> _Materials provided_
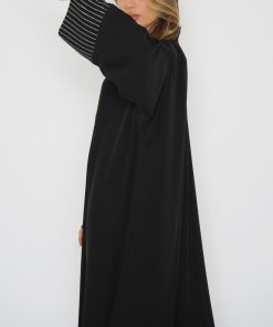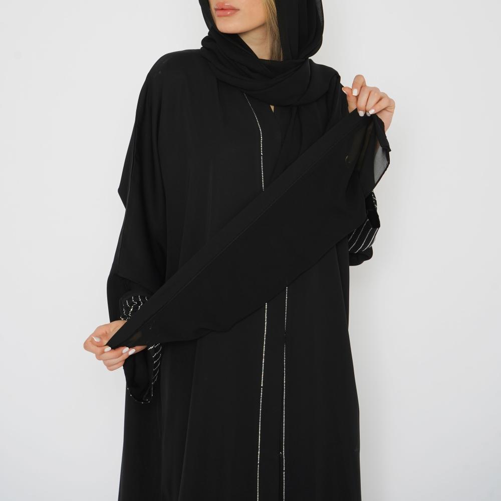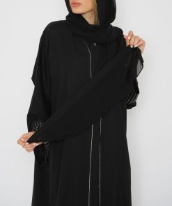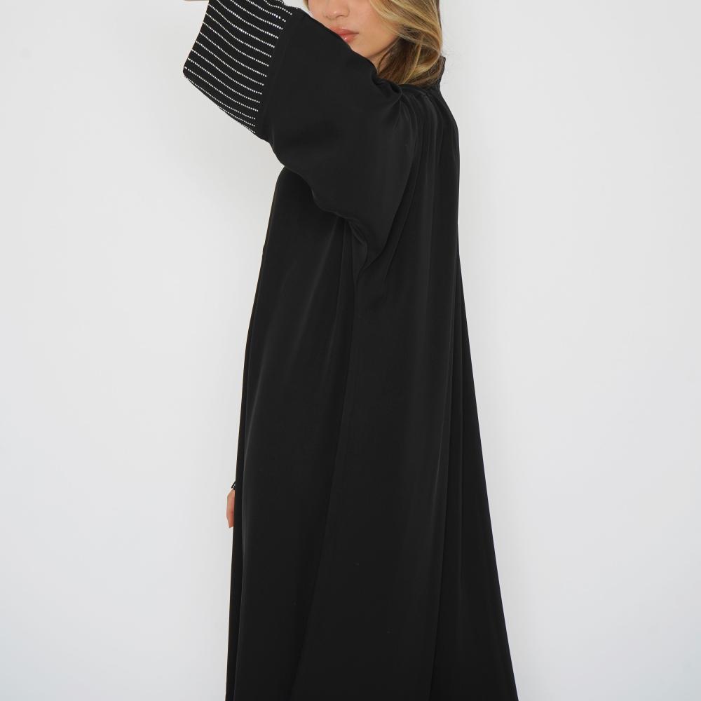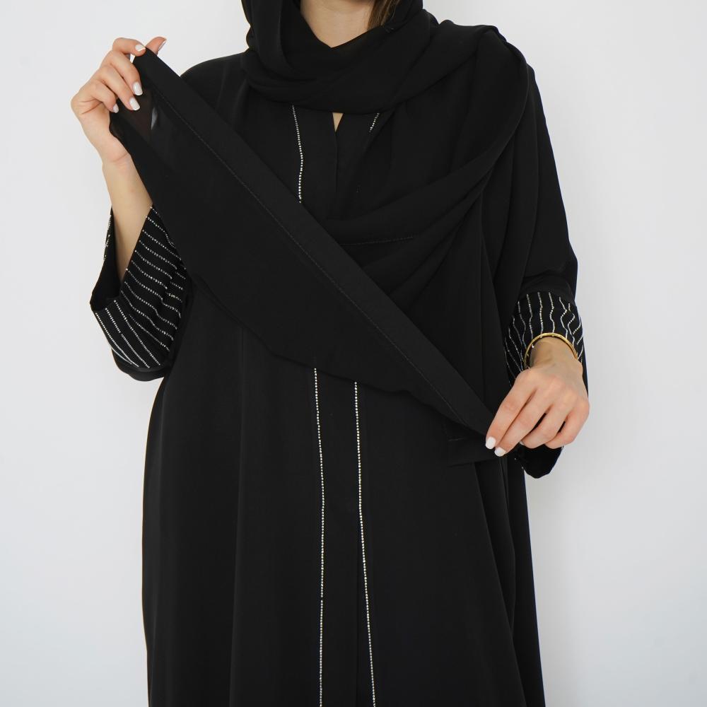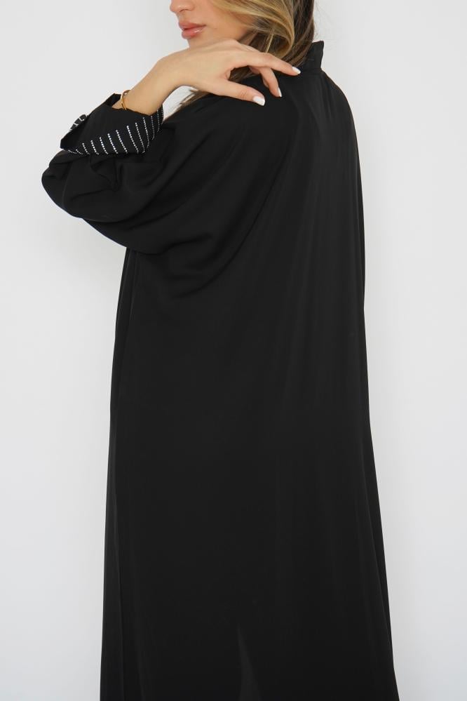 أمول – عباية سوداء بتداخل قماش وفصوص فضية طولية وعلى الكم 5083
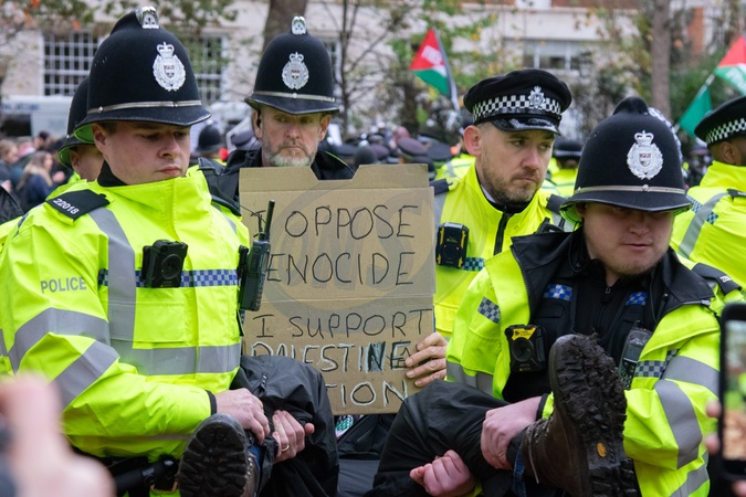 London, UK, 22nd November 2025 - Defend Our Juries protest in Tavistock Square as part of their "Lift The Ban" campaign, protestors openly expressed support for the proscribed organisation Palestine Action, by writing "I support Palestine Action" on placards and sitting on the floor, they were all arrested under the terrorism act en masse., Credit:Will Colebourne / Avalon
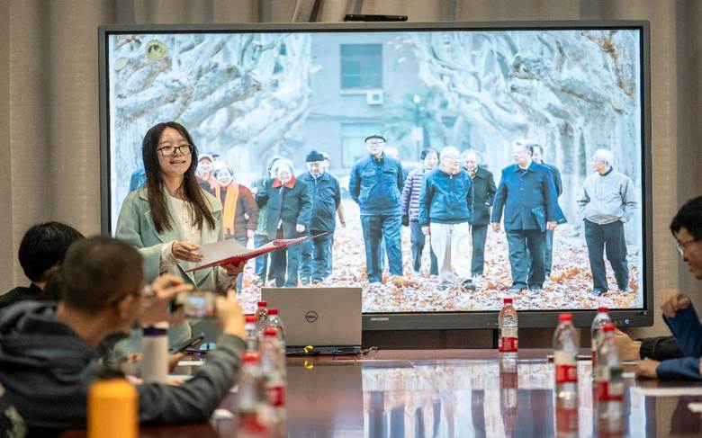 的西迁历程,提及彭康教授在物资匮乏时期带领团队坚持科研的事迹,同时介绍了在西迁过程的一封封书信中体现了师生克服地域、环境困难,扎根西部开展教育科研的经历。她阐述西迁精神“胸怀大局、无私奉献、弘扬传统、艰苦创业”的核心内涵,并说明西迁精神在当代交大学子参与国家重大科研项目、投身西部基层建设中的鲜明体现。
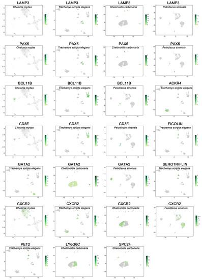 As described, the present study established a more comprehensive single-cell transcriptomic atlas of peripheral immune cells in testudines occupying different ecological environments. The present results showed that the composition of peripheral immune cells differed among testudines from different habitats. T. scripta elegans from freshwater and brackish environment had the most complex composition of peripheral immune cells, with 11 distinct immune cell clusters identified in total. C. mydas, which inhabits shallow tropical and subtropical waters as well as coastline beaches, had the simplest composition of peripheral immune cells, with only five distinct immune cell clusters. The numbers of immune cell clusters in the terrestrial C. carbonaria and P. sinensis from sedimentary freshwater areas were between those of T. scripta elegans and C. mydas. Eight distinct immune cell clusters were identified in C. carbonaria, while six distinct immune cell clusters were identified in P. sinensis. Interestingly, the peripheral immune cells were the most diverse in T. scripta elegans, which may also be one reason why T. scripta elegans is remarkably adaptable to the environment, as one of the 100 most threatening aliens in the world. These results illustrated that the more complex environment of testudines inhabited, the more diverse the peripheral immune cells were. Because different ecological niches could drive the adaptive evolution of immune-related gene families [5,6]. So different ecological niches may drive the adaptive evolution of peripheral immune cells in testudines.
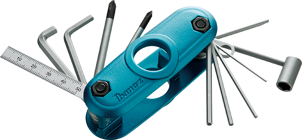 Kätevä multi-tool ratkaisu huoltotöihin. Multi-tool sisältää kaikki tärkeimmät avaimet esimerkiksi jokaikiseen Ibanez-kitaraan. Avaimet ovat millimittaisia, joten ne eivät sovi amerikkalaisille kitaroille.
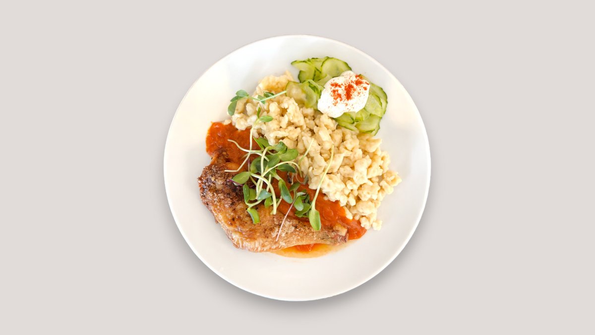 Paprikás csirkecomb tócsnival, tejföllel
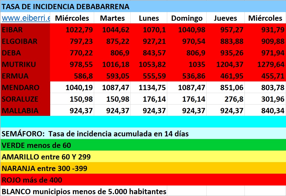 DEBABARRENA.- Eibar sigue siendo el municipio que más casos registra en los últimos días. Así, ayer fueron 12 los contabilizados en este municipio de los 21 positivos totales de Debabarrena. En el resto de municipios, Ermua y Mutriku contabilizaron 3 casos cada uno y Mallabia, Deba y Elgoibar 1.
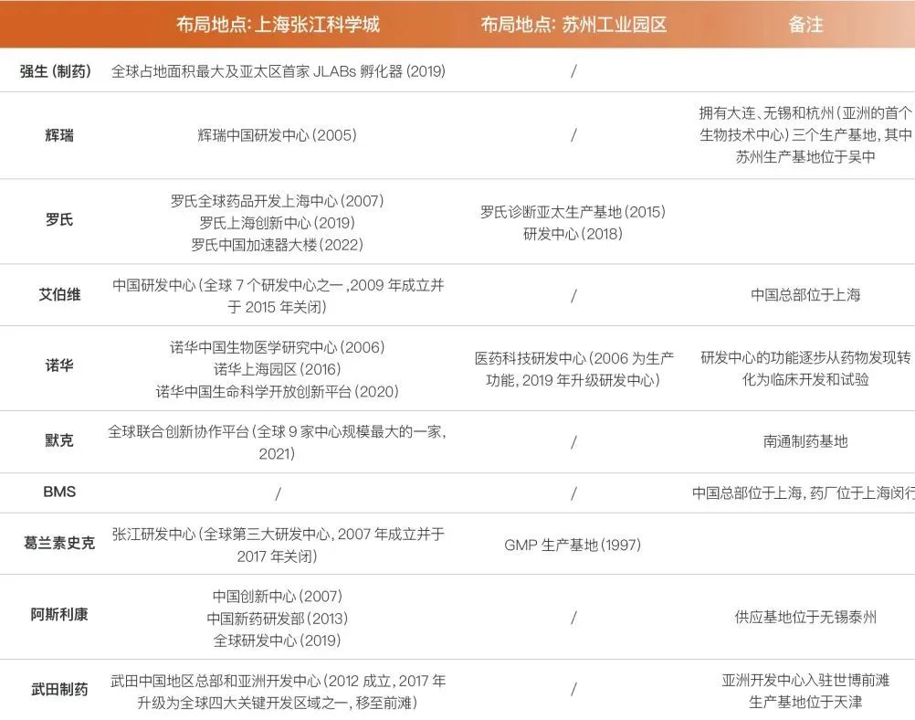 表:10大生物制药企业在张江科学城和苏州工业园区的布局
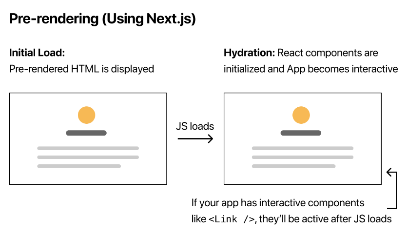 반면, next.js는 pre-reloading을 통해 미리 데이터가 렌더링된 페이지를 가져올수 있게 해준다.
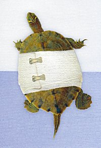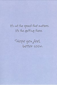 2000? Hallmark get-well card. Cover shows a bandaged turtle. Inside: "It's not the speed that matters. It's the getting there. Hope you feel better soon." Gift of Pauli Ruotolo, July, '05. A clever card like this does not even have to repeat "Slow and steady wins the race." We all know the idea, and the sight of the turtle calls it up quickly. As ever, Hallmark is clever.

> _What needs to be done_
Take the lines above from the top of the records through the one with "London, UK, 22nd" and repeat them exactly, without any pictures.

> _Reply_
 أمول – عباية سوداء بتداخل قماش وفصوص فضية طولية وعلى الكم 5083
 London, UK, 22nd November 2025 - Defend Our Juries protest in Tavistock Square as part of their "Lift The Ban" campaign, protestors openly expressed support for the proscribed organisation Palestine Action, by writing "I support Palestine Action" on placards and sitting on the floor, they were all arrested under the terrorism act en masse., Credit:Will Colebourne / Avalon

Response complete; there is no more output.